Department of Public Health and Primary Care, Katholieke Universiteit Leuven, Leuven, Belgium
Research Foundation Flanders, Brussel, Belgium.
BMJ Open. 2021 Aug 17;11(8):e047576. doi: 10.1136/bmjopen-2020-047576.
To describe the discrimination and calibration of clinical prediction models, identify characteristics that contribute to better predictions and investigate predictors that are associated with unplanned hospital readmissions.
Systematic review and meta-analysis.
Medline, EMBASE, ICTPR (for study protocols) and Web of Science (for conference proceedings) were searched up to 25 August 2020.
Studies were eligible if they reported on (1) hospitalised adult patients with acute heart disease; (2) a clinical presentation of prediction models with c-statistic; (3) unplanned hospital readmission within 6 months.

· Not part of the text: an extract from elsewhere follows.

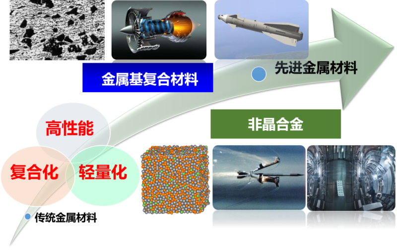 随着我国现代化进程的不断推进,先进高强韧金属结构材料的匮乏极大地制约了我国重大安全战略和国民经济核心领域的创新发展。过去几十年,世界范围内为了突破传统金属材料强韧性不足的限制,相继提出了一系列强韧化途径,比如,以碳化物、氮化物等硬颗粒增强金属基体形成颗粒增强金属基复合材料,基于熔体玻璃态转变形成的非晶合金等(图7)。由于具有微米或纳米尺度的非均匀结构,这些先进金属材料在外部载荷尤其是冲击载荷作用下,其塑性变形极易局部化形成微米甚至纳米尺度的剪切带。由于不考虑材料内在的结构效应,众多具有微/纳尺度非均匀结构的新型金属材料的剪切带行为无法得到有效描述与预测。微/纳非均匀结构在这些金属材料剪切带行为中发挥怎样的作用?它们能否影响热塑剪切带的核心机制,即前述的“绝热软化”?要回答这些问题,必须打破传统认知,大胆假设,小心求证。Q彩网戴兰宏研究员及其项目团队针对上述关键科学问题,开展了长期攻关,通过三代师生传承,突破和发展了经典热塑剪切带理论框架,攻克了非均匀金属结构材料的剪切带难题。

Model discrimination for unplanned hospital readmission within 6 months measured using concordance (c) statistics and model calibration. Meta-regression and subgroup analyses were performed to investigate predefined sources of heterogeneity. Outcome measures from models reported in multiple independent cohorts and similarly defined risk predictors were pooled.
Sixty studies describing 81 models were included: 43 models were newly developed, and 38 were externally validated. Included populations were mainly patients with heart failure (HF) (n=29). The average age ranged between 56.5 and 84 years. The incidence of readmission ranged from 3% to 43%. Risk of bias (RoB) was high in almost all studies. The c-statistic was <0.7 in 72 models, between 0.7 and 0.8 in 16 models and >0.8 in 5 models. The study population, data source and number of predictors were significant moderators for the discrimination. Calibration was reported for 27 models. Only the GRACE (Global Registration of Acute Coronary Events) score had adequate discrimination in independent cohorts (0.78, 95% CI 0.63 to 0.86). Eighteen predictors were pooled.
Some promising models require updating and validation before use in clinical practice. The lack of independent validation studies, high RoB and low consistency in measured predictors limit their applicability.
CRD42020159839.
描述临床预测模型的区分度和校准度,确定有助于提高预测效果的特征,并研究与非计划性住院再入院相关的预测因素。
系统评价和荟萃分析。
截至 2020 年 8 月 25 日,检索了 Medline、EMBASE、ICTPR(用于研究方案)和 Web of Science(用于会议论文集)。
如果研究报告了(1)患有急性心脏疾病的住院成年患者;(2)预测模型的临床表现与 C 统计量;(3)6 个月内非计划性住院再入院,则符合纳入标准。
使用一致性(c)统计量测量 6 个月内非计划性住院再入院的模型区分度和模型校准度。进行了荟萃回归和亚组分析,以研究预定的异质性来源。从多个独立队列报告的模型和类似定义的风险预测因素中汇总了结果指标。
共纳入了 60 项描述 81 个模型的研究:43 个模型是新开发的,38 个是外部验证的。纳入的人群主要是心力衰竭(HF)患者(n=29)。平均年龄在 56.5 岁至 84 岁之间。再入院率从 3%到 43%不等。几乎所有研究的偏倚风险(RoB)都很高。72 个模型的 C 统计量<0.7,16 个模型的 C 统计量在 0.7 和 0.8 之间,5 个模型的 C 统计量>0.8。研究人群、数据来源和预测因素数量是区分度的显著调节因素。27 个模型报告了校准情况。只有 GRACE(全球急性冠状动脉事件注册)评分在独立队列中具有良好的区分度(0.78,95%CI 0.63 至 0.86)。汇总了 18 个预测因素。
一些有前途的模型需要更新和验证,然后才能在临床实践中使用。缺乏独立验证研究、高 RoB 和测量预测因素的一致性低限制了它们的适用性。
PROSPERO 注册号:CRD42020159839。